Another Black Wall Street: The 1803 Fund Wants To Invest Over $1 Billion To Revive A Black Portland Community

Another Black Wall Street: The 1803 Fund Wants To Invest Over $1 Billion To Revive A Black Portland Community

Albina is a neighborhood in North Portland, Oregon that was once home to a flourishing Black community. A new organization, the 1803 Fund, and their inaugural project, Rebuild Albina, is aiming to ensure that the Black town thrives again.  

Earlier this year, Nike founder Phil Knight pledged a $400 million investment in the “Albina neighborhood, specifically to help Black Portlanders.” This gift was the inception of the 1803 Fund, so named for the year that York, an enslaved African American “was directed to join the Lewis and Clark Expedition.”

Oregon has a complicated history, fraught with racial tension since the state’s formation.

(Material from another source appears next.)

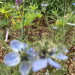 花壇の中にワラビ ニゲラ様越しの、ワラビ💦 美味しくいただいてやろうじゃないの♬
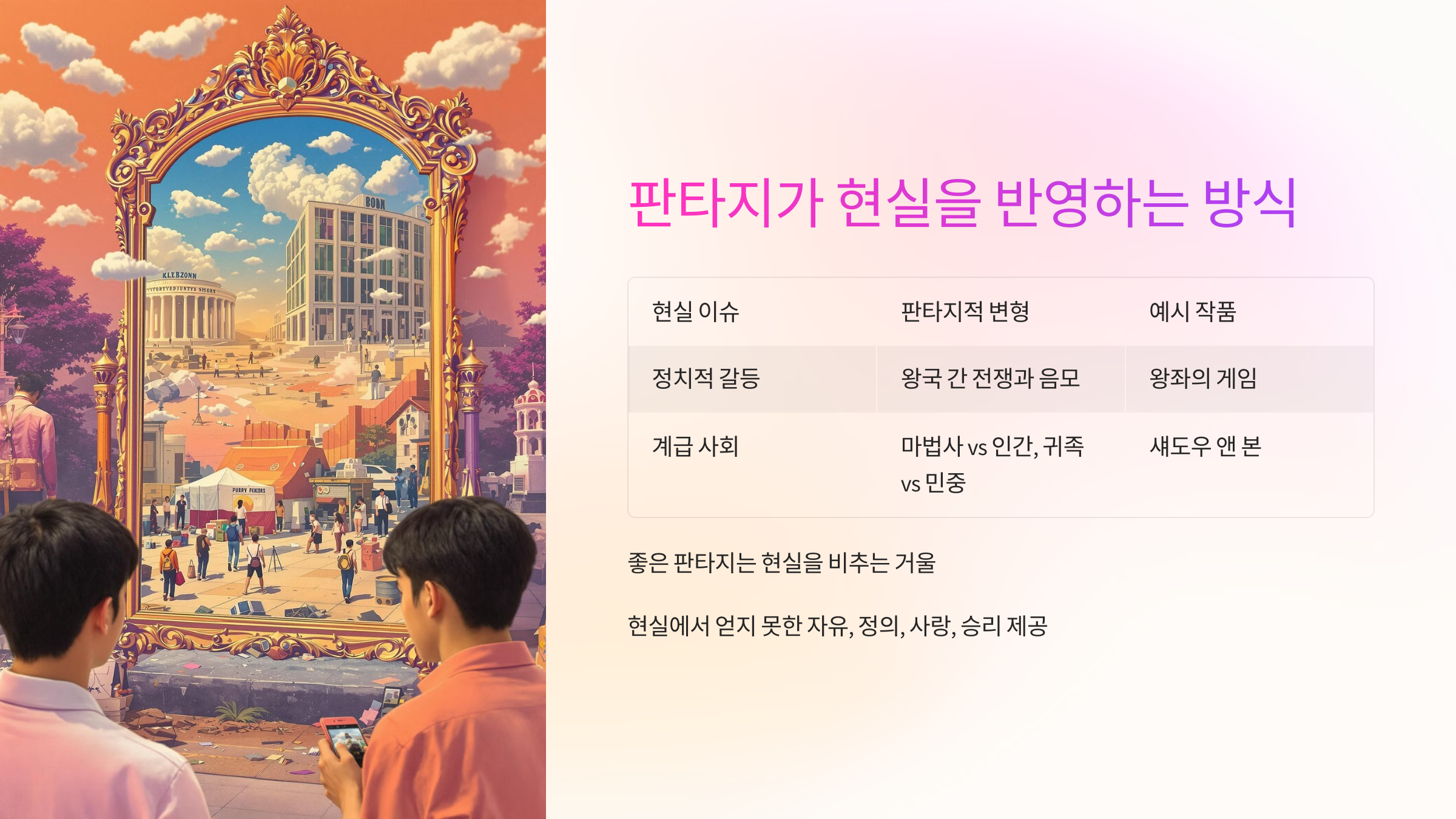 판타지는 오히려 현실을 더 깊이 이해하게 하는 도구가 될 수 있어요.

Originally, the state constitution of Oregon contained an “‘exclusion law,’ which prohibited Black people from entering or residing in the state…[and] the exclusion clause remained in the constitution until 1926.” During the World War II era, many Black workers moved their families to the Albina area of Portland, the only Black neighborhood where they were allowed to live at that time.

After the war, “a thriving Black community and business district emerged in Albina…Black-owned businesses, community centers, houses of worship, arts and cultural spaces, and so much more were the foundation of the Black Albina community.”

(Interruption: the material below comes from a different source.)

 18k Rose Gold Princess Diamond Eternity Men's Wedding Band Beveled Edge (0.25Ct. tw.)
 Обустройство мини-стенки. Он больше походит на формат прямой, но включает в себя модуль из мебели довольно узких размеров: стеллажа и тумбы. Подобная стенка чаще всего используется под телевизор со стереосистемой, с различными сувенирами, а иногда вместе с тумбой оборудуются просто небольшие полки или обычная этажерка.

But in the 1970s, a bustling district that was once 80% Black would go on to be destroyed by “‘urban renewal’ projects [that]…displaced hundreds of Black families and businesses and led to the dismantling of the Albina community.” After a series of economic downturns combined with predatory bank loan practices, Albina was no longer majority-Black.

Rukaiyah Adams, CEO of the 1803 Fund and fourth generation Portlander, is “already working to get the 1803 Fund to grow over $1 billion.”

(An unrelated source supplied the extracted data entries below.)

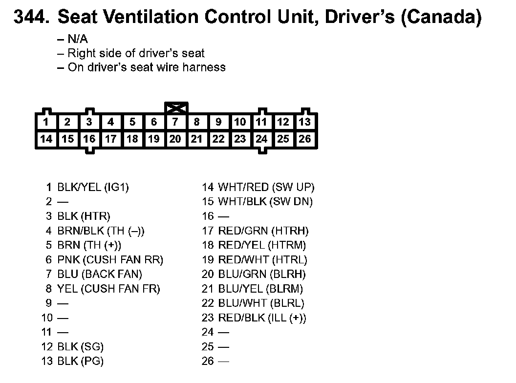 344. Seat Ventilation Control Unit, Driver's (Canada):
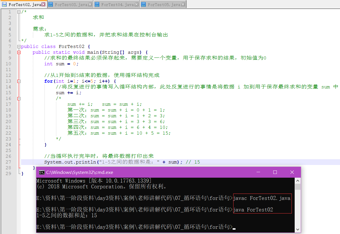 - 求和变量的定义位置,必须在循环外部,如果在循环内部则计算出的数据将是错误的。
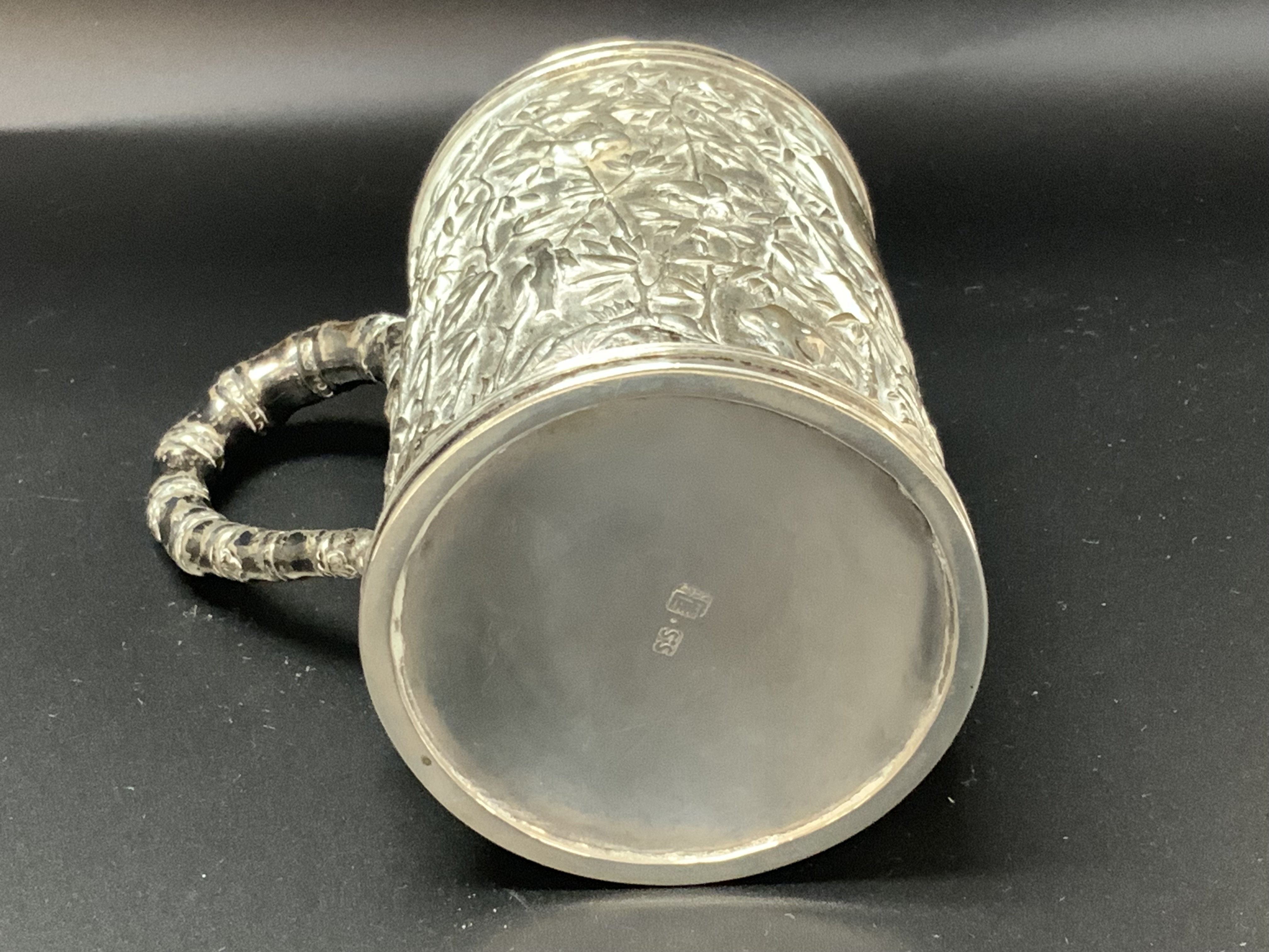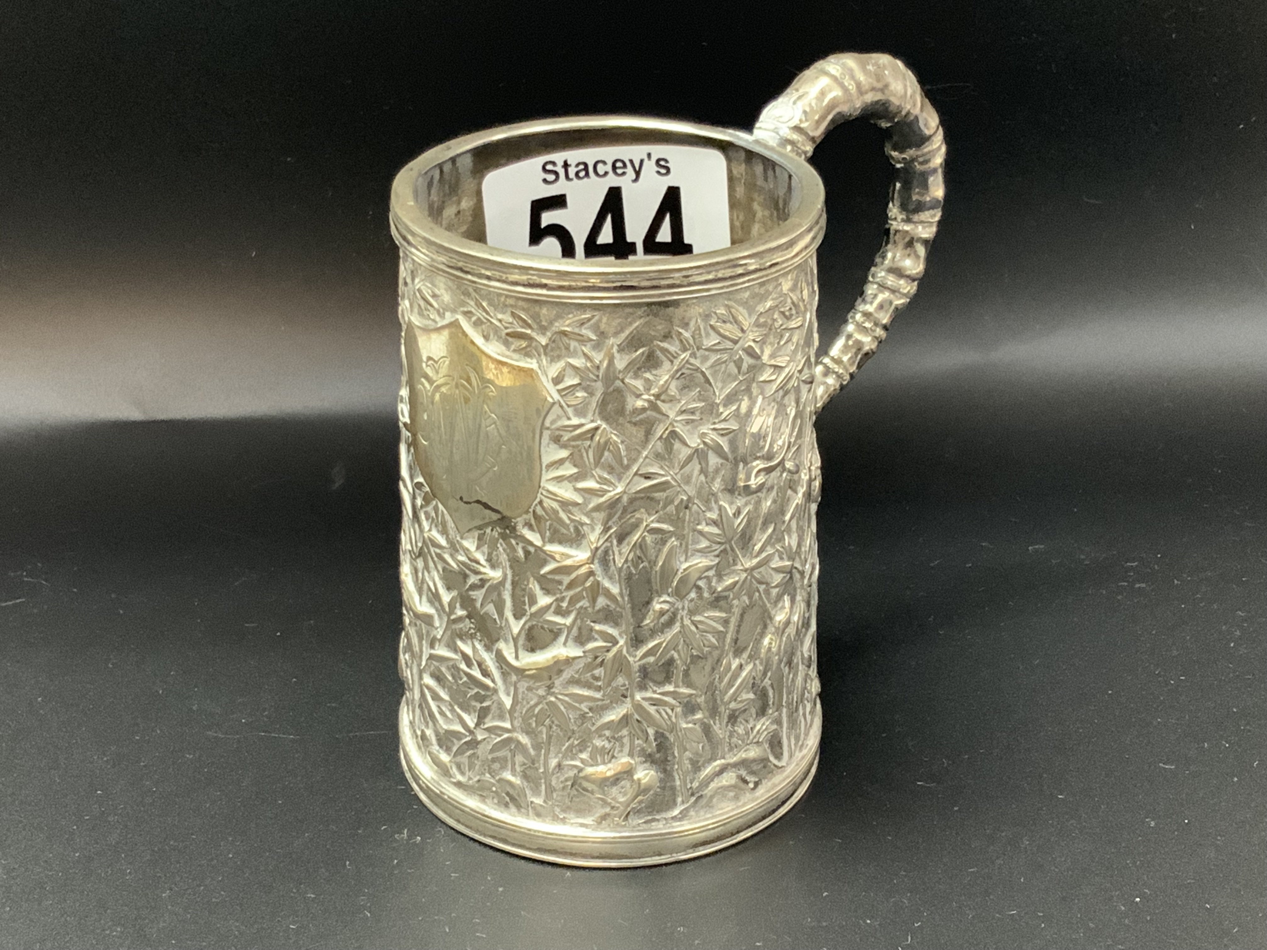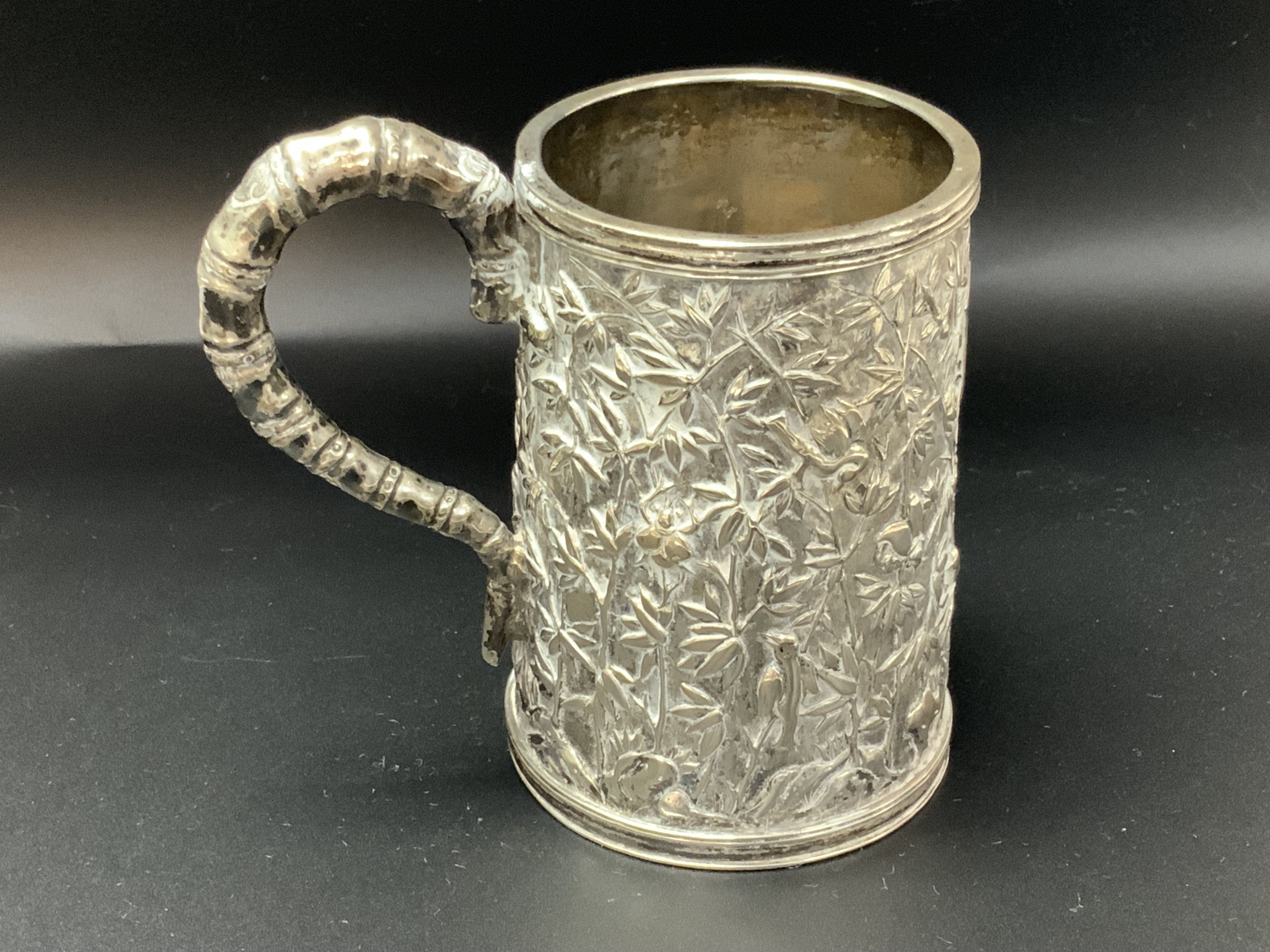A late 19th Century Chinese silver mug with perfuse raised bamboo with small birds Shield with initials. Height 9cm weight 145g

“Living in a place like Portland, I’m very proximate to people in this community,” Adams stated, “[from] the folks who live in multi-family housing that we might own to the people who will be affected by natural resource allocations that investors make.”

“I think it would mean more for me to do what was right by the public good and to make money at the same time,” she added.

Adams plans to focus on real assets and growing the Fund initially. “If we can grow larger than I expected, then I think we will take on a more conventional endowment approach to the assets.

Community activists are hopeful that the Fund can “reverse a legacy of forced displacement in the name of urban renewal, the city-sponsored razing of a neighborhood and commercial district in order to build a freeway, a sports arena and a hospital campus.”

“It’s an investment in hope…The situation is so dire, so tragic, all of us on the front line from time to time have crises of confidence,” stated the president and CEO of the nonprofit Volunteers of America Oregon Kay Toran.

Ron Herndon, an 1803 Fund board member, echoed Toran’s sentiments. “I think it’s an opportunity to try to address some of the longstanding ills that fostered on the Black community. It’s an opportunity if we manage this correctly.”

“Black people have always been central to Portland’s economic success, but have rarely had access to the benefits and advantages that enable wealth creation and collective wellbeing,” continued Herndon, “The Rebuild Albina project hopes to change that trajectory.”